Os recentes protestos na Rússia contra o governo do primeiro-ministro Vladimir Putin e as suspeitas de fraude nas eleições parlamentares realizadas em dezembro têm sido apontados por alguns ativistas e pesquisadores como sinal de uma nova perestroika (reestruturação), numa analogia ao período de reformas políticas que culminaram com o fim da União Soviética, no início da década de 90.

As manifestações, lideradas principalmente por intelectuais da oposição e a classe média urbana, chacoalharam as eleições presidenciais, que acontecem neste domingo (4) tendo Putin como candidato o favorito. Mas a opinião sobre o seu impacto no futuro político do país não é unânime.

"Os protestos revelam uma mudança de comportamento de parte da sociedade russa, em especial da classe média urbana. A Rússia pode estar passando por uma nova perestroika e a população está acordando para isso", afirma o ativista político Pavel Litvinov, famoso dissidente russo. "Ainda está muito concentrado nas grandes cidades, porque a imensa maioria da população fica à mercê da mídia estatal, controlada pelo governo."

Neto de Maxim Litvinov, ministro das relações exteriores de Stálin na década de 30, Pavel participou de um protesto contra a invasão soviética na Checoslováquia em 1968, o que o levou à prisão e exílio na Sibéria. Ele ficou conhecido ao publicar um apelo num jornal britânico clamando por direitos humanos. Depois de solto, foi expulso do país e mudou-se para os EUA, onde vive até hoje.

O escritor Michael Scammell, renomado tradutor de livros em russo e fundador da revista de direitos humanos Index on Censorship, é da mesma opinião. "Putin ainda controla as massas com a mídia, há poucos canais de oposição, mas uma parcela da população mais letrada e com acesso à informação e internet tem conseguido mobilizar multidões. Pode ser o sinal de grandes mudanças pela frente."

Vozes dissonantes

No entanto, para a pesquisadora Irina Semenenko, do Imemo, um dos principais centros de estudos políticos na Rússia, é preciso haver uma liderança disposta a fazer reformas sociais e políticas. Na década de 80, coube ao então líder soviético Mikhail Gorbachev conduzir o amplo plano de reforma que ficou conhecido por perestroika.

"Os protestos têm causado barulho, mas não atingem uma grande parte da população que está fora dos centros urbanos.

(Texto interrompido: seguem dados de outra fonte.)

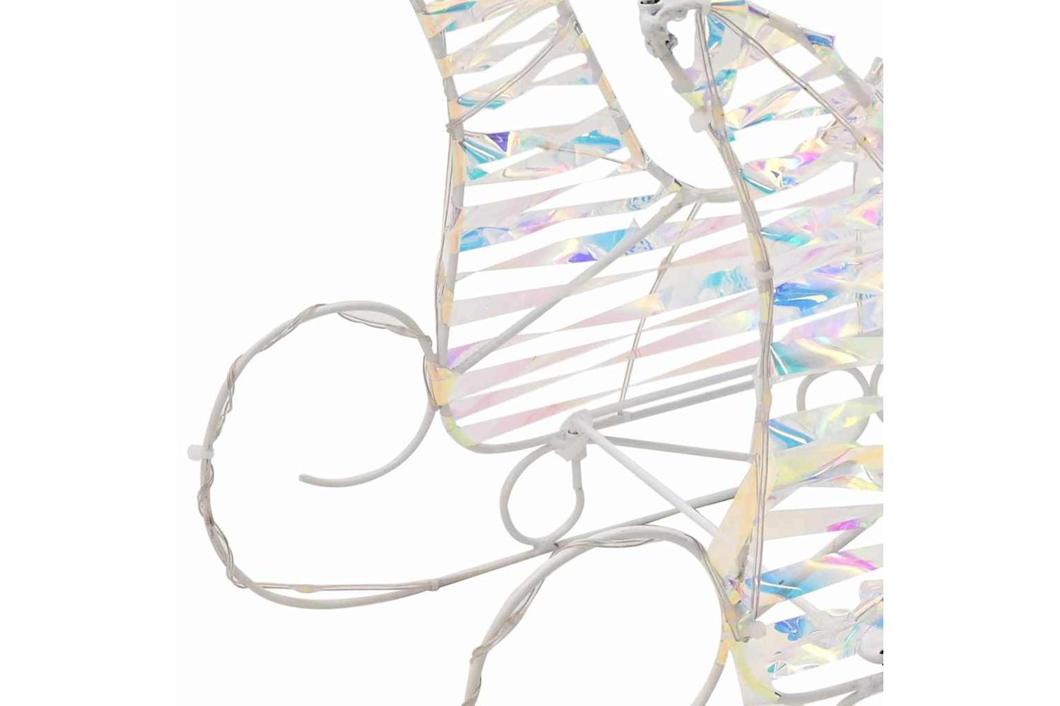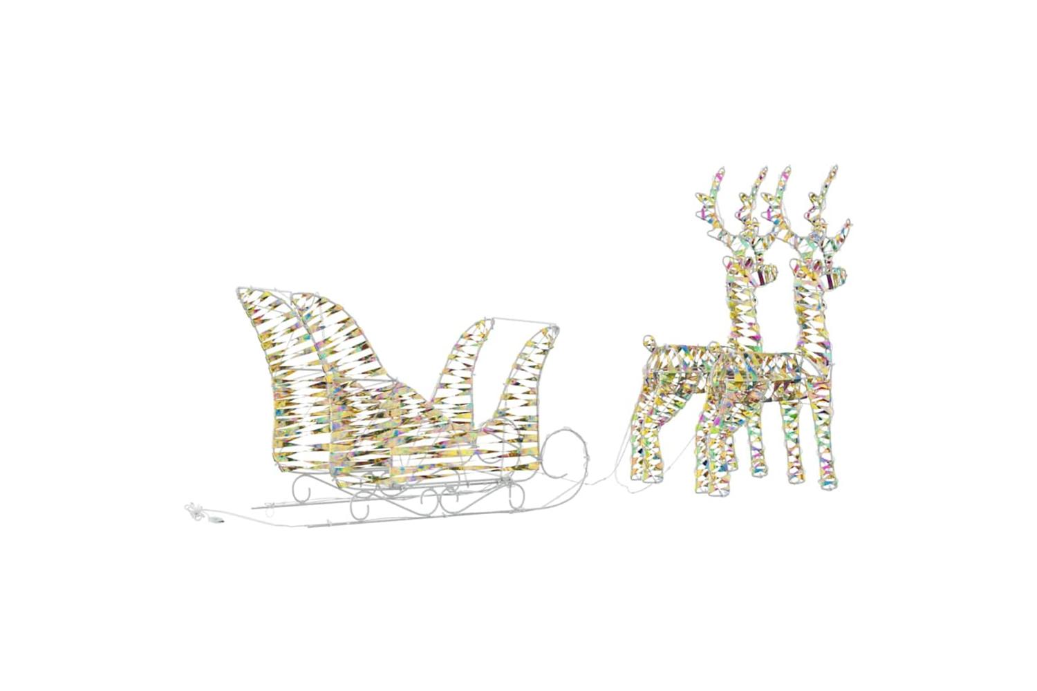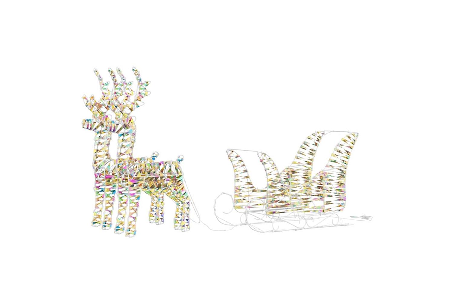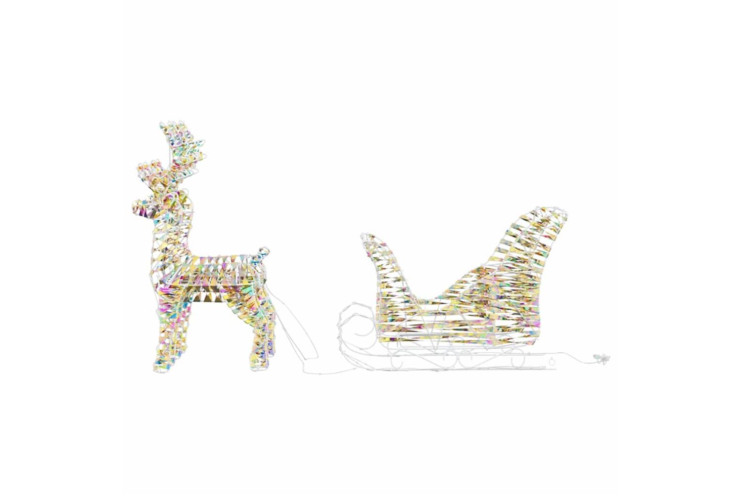 This Reindeer Pull Sleigh Christmas décor piece is the perfect addition to any holiday setup, epitomizing modern elegance with its clean lines and minimalistic style. Crafted with premium materials, it's visually captivating and designed to fit seamlessly into both living rooms and garden terraces, with warm white tones adding an enchanting touch to seasonal decor. Its impressive size makes it a standout feature, while still accommodating versatile placement options indoors or outdoors, marrying classic reindeer imagery with contemporary styling.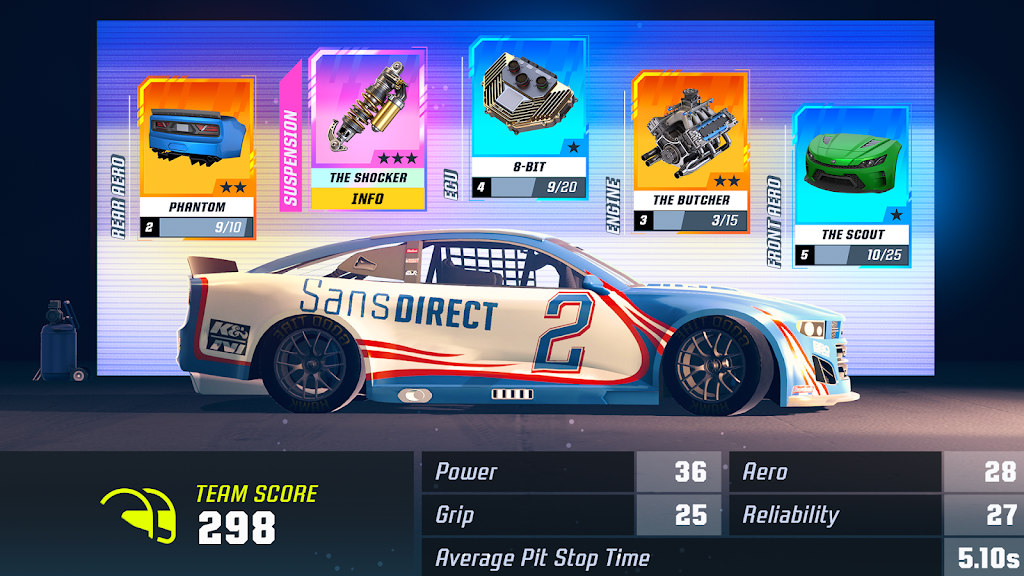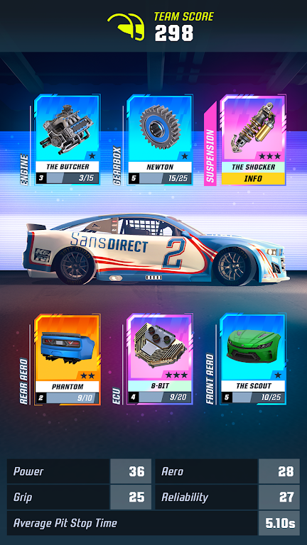 招募和训练 Stock Car 司机,以创建您的终极团队,并配备独特的定制涂装和详细的汽车调教。

Para ocorrer uma nova perestroika, é preciso haver líderes políticos para levar a cabo mudanças efetivas e o movimento atual não os possui ainda", avalia.

Putin, supondo que assuma o cargo de presidente pela terceira vez, tampouco tem o perfil para conduzir tais reformas, opina Max Wind-Cowie, do instituto britânico de pesquisa Demos. "Ele não é um homem capaz de fazer esse tipo de mudança por conta do seu ego e da maneira como lida com o poder."

Os protestos também são vistos com certa ressalva por John Barber, professor de política russa na Universidade de Cambridge. "As manifestações mostram um despertar da sociedade, mas é preciso ir com calma. Na Ucrânia, o movimento conhecido como a Revolução Laranja, que levou milhares de pessoas a protestarem por menos corrupção e mais transparência na política, acabou não tendo o resultado desejado. Hoje, os índices de corrupção continuam tão ou mais altos quanto antes da revolução. É preciso, portanto, cautela ao nos referirmos a uma nova perestroika na Rússia."

As manifestações que têm tomado praças e ruas de Moscou e São Petersburgo até agora têm sido pacíficas, mas os analistas não descartam uma repressão violenta por parte do governo dependendo do desenrolar dos resultados das eleições. "Os protestos têm sido tranquilos. Esperamos que continuem assim, mas vários fatores podem influenciar, como o conflito no Cáucaso, em especial com a Chechênia."